My cat Molly lived a long 18 years. We had to put her to sleep because her hyperthyroidism and old age finally had got the best of her and we decided it would be best. I thought I would pass along her legend by this little story. 
About 12 years ago my family and I moved from Florida to New York. My parents before leaving bought her a harness and were assurred by the pet store that the cat could not get out of it. But as usual Molly the supercat proved them wrong. We stopped in North Carolina at a rest stop on the highway. It was a pretty nice one with a really large wooded area and picnic tables so we got Molly in the harness to take her out for some fresh air. Not long after we got her out she started to squirm back and forth and before we knew it she slipped out of it and headed straight for the woods. We got so nervous and upset. The rest stop maintenence guy said if we did not get her back to not worry too much because there have been so many people who lost their cats to those woods that she would at least have friends. That didn't make us feel much better and for the next hour we tried almost everything to get her to come out. We saw her a few times and tried to catch her but she would just dart away. We tried setting some food out and tapping the dish. Finally my dad said we can't wait for ever and with all of us in tears we started to head back to the car. Everyone was almost in the car when I turned around and there she was sitting almost right behind me giving me that "Ok I am ready to go now" look. We scooped her up and hugged her tight and cried for another good hour. Since then anyone saying they are getting a harness i warn them. 

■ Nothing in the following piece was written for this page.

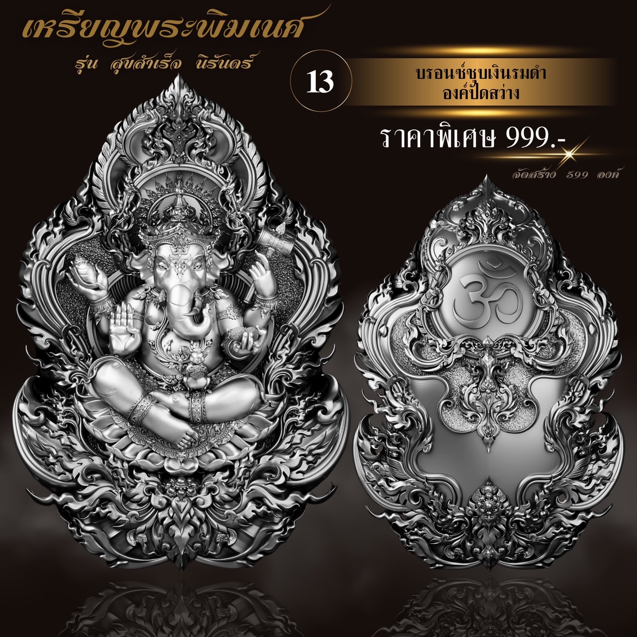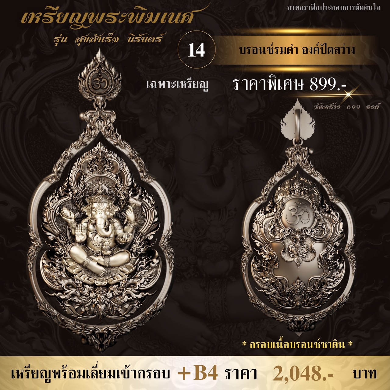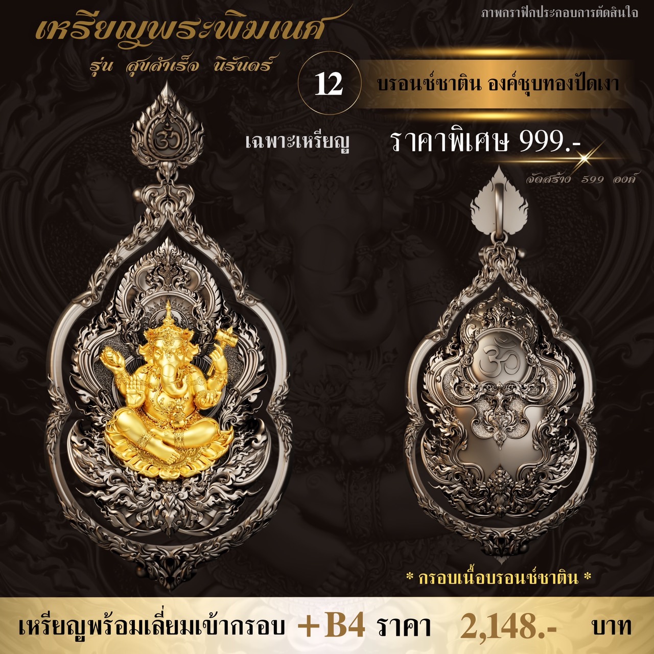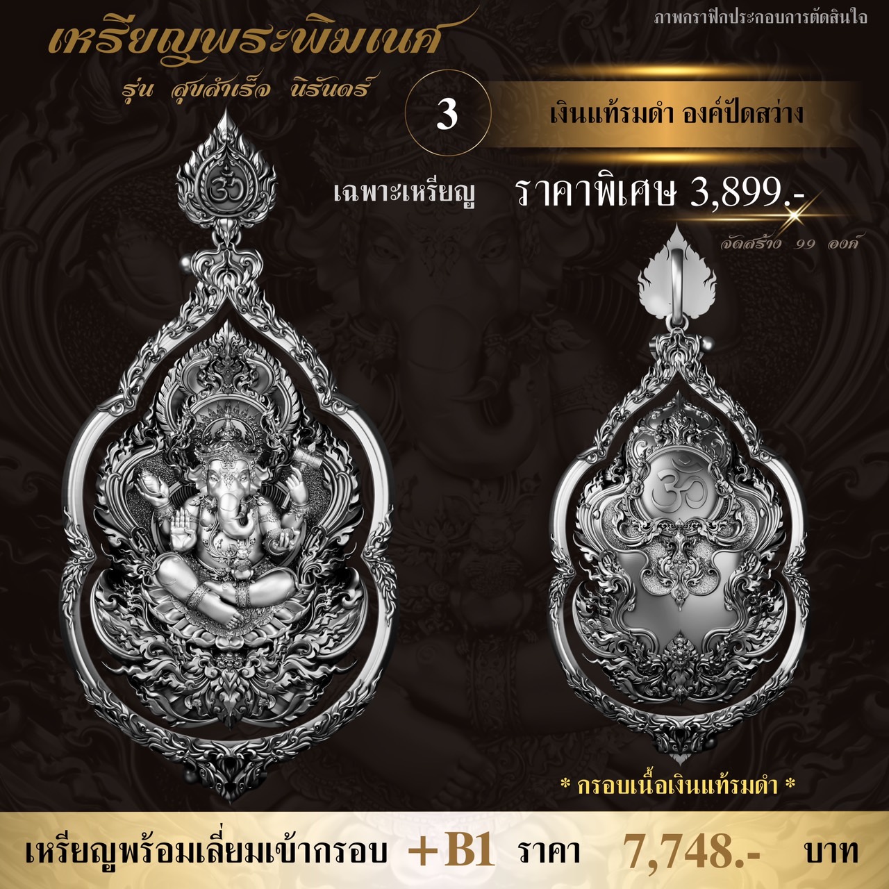 ภาพตัวอย่างเหรียญพระพิฆเนศ รุ่น สุขสำเร็จ นิรันดร์ พร้อมกรอบสุดพรีเมี่ยม ออกแบบพิเศษโดยเฉพาะเลยจ้า กำหนดรับผลงานเดือนธันวาคม-มกราคม ⭐️ออกแบบลายเส้น : อาจารย์Chatchai Phanpha ⭐️ประติมากรรม 3D : Heno mockupman ⚜️โรงหล่อ : พระรามห้า (พรีเมี่ยมคุณภาพสูง) ⚜️จัดสร้างโดย : The Gallery Art Amulet Center ขนาดสูง 4 เซนติเมตร กว้าง 2.7 เซนติเมตร ✅มีพิธีเทวาภิเษกโดยพราหมณ์ ✅มีโค้ดและหมายเลขกำกับทุกองค์ ✅มีกรอบให้เลือกจองพร้อมบริการเลี่ยมเข้ากรอบให้เรียบร้อย กำหนดรับผลงานเดือนธันวาคม-มกราคม 🔹ออกแบบลายเส้น : อาจารย์Chatchai Phanpha 🔹ประติมากรรม 3D : Heno mockupman 🔸โรงหล่อ : พระรามห้า (พรีเมี่ยมคุณภาพสูง) 🔸จัดสร้างโดย : The Gallery Art Amulet Center #ขวัญพระเครื่อง #ขวัญธานันท์พระเครื่อง

Molly used to always stop and look both ways before crossing the street. My parents declawed her (which I know you guys dont' like) but she could still climb the big avacado tree outside and had no qualms about scaring the daylights out of my neighbors rotweiler. She was still as frisky as ever just a year before we put her down. She truly was a supercat and I miss her dearly.


----------



## Majicou (Jun 7, 2003)

That's a cute story. She must have been a clever cat to come and find you!


----------



## LiCieWishy (Apr 2, 2003)

That is a wonderful story... and a really cute one too.

Something similiar happened to me and my cat Marbles. I brought him back from Perth last year where I was studying, back to Singapore. On the first night I tried to keep him near me but he ran out of the house. I stay in a condomiuim and my balcony links to the neighbours and so on, so there's no way keeping him confined. I went around the neighbourhood a couple of times calling for him in the night and in the next morning. But nothing. I was so depressed. I thought he would have been knocked down or something. What worried me the most was the fact that he was an indoor cat when I was in Perth, so I didn't know how he would get around outdoors and in a new country. I went about telling my neighbours of my missing Marbles and stayed up as late as I could but finally slept at about 3am. I opened my eyes at about 4am when I felt something looking at me. I looked up and saw Marbles sitting on my bedside table staring down at me! 

He was gone for almost 2 days.... besides a missing collar. He was fine, just very thirsty. :wink:


----------



## manitu22 (Apr 25, 2003)

That is wonderful that your cat returned. Cats never cease to surprise me. Molly had her times where she was gone for a couple of days and then came back. We were always worried sick but she always came back.


----------



## kitkat (Sep 22, 2003)

Its amazing how the cat came back and was right by the car! Amazing! I would be very depressed if I lost my cat like that but the cat knew best to come back with the family after its wild run. I'm glad you guys didnt give up on the cat like a lot of people would :lol:


----------